Genotypic variation is important for any crop improvement programme as it is only variation which transmits to next generation. Heritability refers to the ratio of genotypic variance to the total phenotypic variance or total variance, for the trait. It is a good index for transmission of characters from parents to their offspring. It aids plant breeder in selection of good genotypes from diverse populations. Genetic advance is the improvement of progeny of selected plants over parental populations. Heritability estimates along with genetic advance are generally more useful in predicting the gain under selection instead of using heritability alone (Falconer, 1981). With this in mind, the current study aimed to assess the variation in yield and yield-related traits in the F2 generation of green gram by analyzing genetic parameters such as phenotypic coefficient of variation (PCV), genotypic coefficient of variation (GCV), heritability and genetic advance. These insights are expected to guide the formulation of effective selection indices for crop improvement, focusing on enhancing yield potential and quality traits.

MATERIALS AND METHODS

The experimental material comprised hundred F2 progenies derived from the crosses KM-22-24 X GM-6 and HUM-27 X GM-8 which were maintained at Pulses and Castor Research Station, Navsari Agricultural University, Navsari for evaluation in a non-replicated manner. Mean, range, genotypic coefficient of variation, phenotypic coefficient of variation, heritability and genetic advance as per cent of mean were studied for ten quantitative traits viz., days to flowering, days to maturity, plant height (cm), branches per plant, pods per plant, pod length (cm), seeds per pod, 100 seed weight (g), harvest index (%) and seed yield per plant (g) in F2 progenies of green gram. The data recorded for the different characters excluding MYMV incidence were subjected to analysis of variance. Different parameters of the genetic variability were computed by standard statistical procedures.
               
The analysis of variance was conducted following the method proposed by Panse and Sukhatme (1957). The variability parameters, including phenotypic and genotypic coefficients of variation (PCV and GCV), were calculated using the approach outlined by Burton and DeVane (1953). Additionally, heritability and genetic advance were classified into low, medium and high categories in accordance with the criteria established by Johnson et al., (1955).

RESULTS AND DISCUSSION

Analysis of mean, range and variance
 
The 100 selected F2 progenies of two crosses KM-22-24 × GM-6 and HUM-27 × GM-8 showed a wide range of variation, which might be due to the inclusion of diverse parents, segregation and recombination (Table 1 and 2).

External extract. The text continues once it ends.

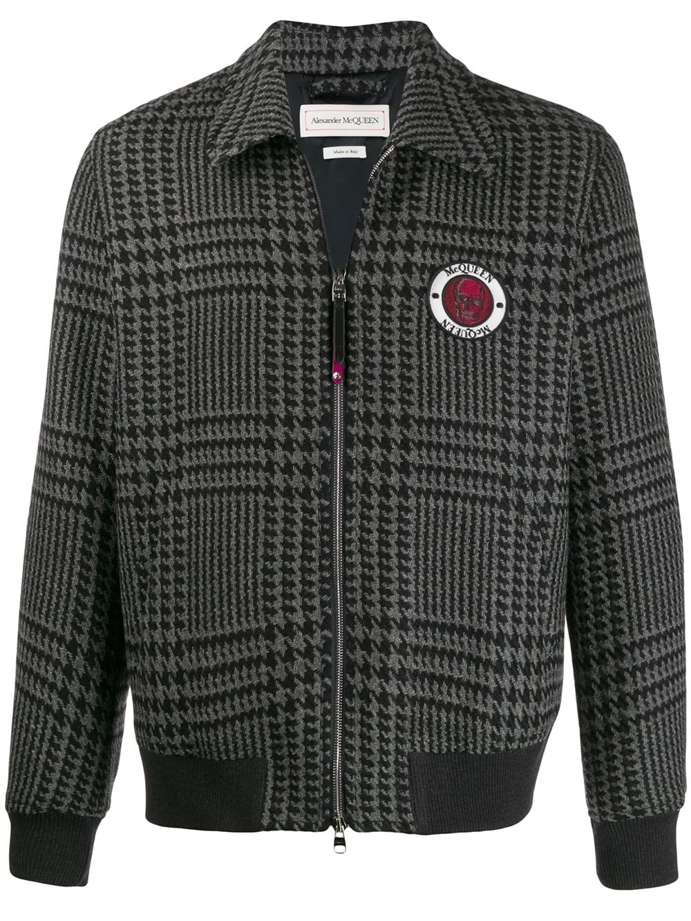 It wouldn’t be Alexander McQueen without a skull or two. This grey virgin wool skull patch bomber jacket is presented in a check pattern so it has a classic side, too. Meet your new favourite jacket.

Mean values for all observed characters in the segregating population ranged between the mean values of parents. Additionally, the population manifested increased mean values over the parents for days to maturity, plant height, branches per plant, pod length, 100 seed weight and seed yield per plant for cross KM-22-24 × GM-6 and branches per plant and pods per plant for cross HUM-27 × GM-8. However, the characters days to flowering, pods per plant, seeds per pod and harvest index exhibited low mean value over parents for cross KM-22-24 × GM-6 and days to flowering, days to maturity, plant height, pod length, seeds per pod, 100 seed weight and seed yield per plant for cross HUM-27 × GM-8. The increase in mean value as a result of hybridization indicates scope for further improvement in traits in subsequent generations.

Table 1: Mean, range and variance values for ten morphological characters in Parents and F2 generation of cross-I (KM-22-24 ´ GM-6).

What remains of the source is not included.